2. Materials and methods

2.1. Virus strains and sample source

The 128B-15 strain isolated from Kenya in 2006 (Sang et al., 2010), the SA01–1322 strain from Saudi Arabia 2001 (Miller et al., 2002) and the attenuated MP-12 vaccine strain of RVFV (Caplen et al., 1985) were used. The Kenya 128B-15 and Saudi Arabian SA01–1322 strains are representative of circulating virulent wild-type RVFV strains, which differ only slightly genetically (<2% for the whole genome). The MP-12 strain represents a licensed live attenuated RVFV vaccine which is used in the field. Therefore, these three relevant RVFV strains were chosen to establish assays to detect viral reassortment.
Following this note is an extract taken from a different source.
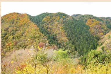
山奥まで植林された様子

第二次世界大戦により、木材資源として森林が大量に伐採され、森林の荒廃が進み、本来有する国土保全機能が著しく損なわれました。
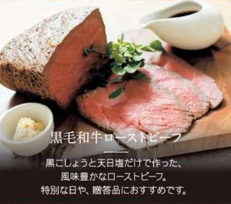
黒毛和牛ローストビーフ

黒こしょうと天日塩だけで作った、 風味豊かなローストビーフ。 特別な日や、贈答品におすすめです。

These viruses were grown in Vero-MARU cells, originally obtained from the Middle America Research Unit, and maintained in Dulbecco minimum essential medium (Sigma-Aldrich, USA) supplemented with 10% fetal bovine serum (Atlanta, biologicals, USA) and 1% penicillin-streptomycin solution (Gibco, USA). For the development of the GT and SS-PCR assays, virus-infected cell supernatants were collected for RNA extraction using the QIAmp viral RNA mini kit (Cat No: 52904, Qiagen, Germany) following the manufacturer’s protocol. RNA was eluted in 60 μl of elution buffer and stored at −80°C until further use.
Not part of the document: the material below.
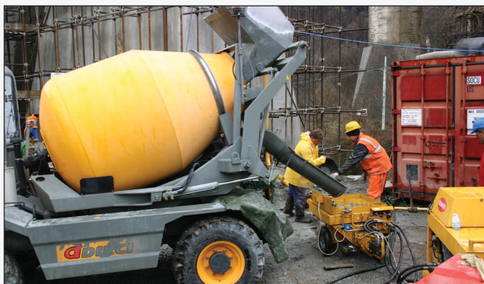
La pompa a cavità elicoidale B100 per calcestruzzo mentre viene alimentata da una betoniera nel cantiere del viadotto Ferriere

La sfavorevole posizione del cantiere, unitamente alla complessità dell'intervento, hanno reso necessaria la preparazione del betoncino reodinamico direttamente in cantiere, utilizzando la pompa a cavità elicoidale B100 della Bunker e gestendo così le fasi di pompaggio fino a una altezza di 80 m in modo economico e in completa autonomia.

2.2.1. Primer design for the GT assay

The nucleotide sequence of each genomic segment of RVFV strains 128B-15 (accession numbers: KX096938, KX096939, and KX096940) and MP-12 were aligned with Clustal W method, using vector NTI software version 11.5.3 (Invitrogen, USA). Similarly, a separate alignment and analysis was performed for RVFV strains 128B-15 and SA01–1322 genomic sequences (accession numbers: KX096941, KX096942, and KX096943). Primers were designed using an approach described previously with modifications by Wang and colleagues (Wang et al., 2005). For differentiation of these RVFV strains, two separate forward primers were designed to target genomic regions with SNPs specific for each corresponding strain, and a common reverse primer to target a conserved region shared by the two RVFV strains. For the M and S segments of the 128B-15 and SA01–1322 strains, separate reverse primers were designed to target genomic regions with SNPs and a common forward primer to target a conserved region between the two strains. Primer sets were designed for each of the three RVFV genomic segments targeting each pair of strains in the samples analyzed. The primers that performed the best were selected for GT assays (Table 1).

Table 1.

RT-qPCR primer sets used for genotyping L, M, and S segments of RVFV strains. The underlined nucleotides were the SNPs identified. The short and long GC clamp nucleotides are in bold.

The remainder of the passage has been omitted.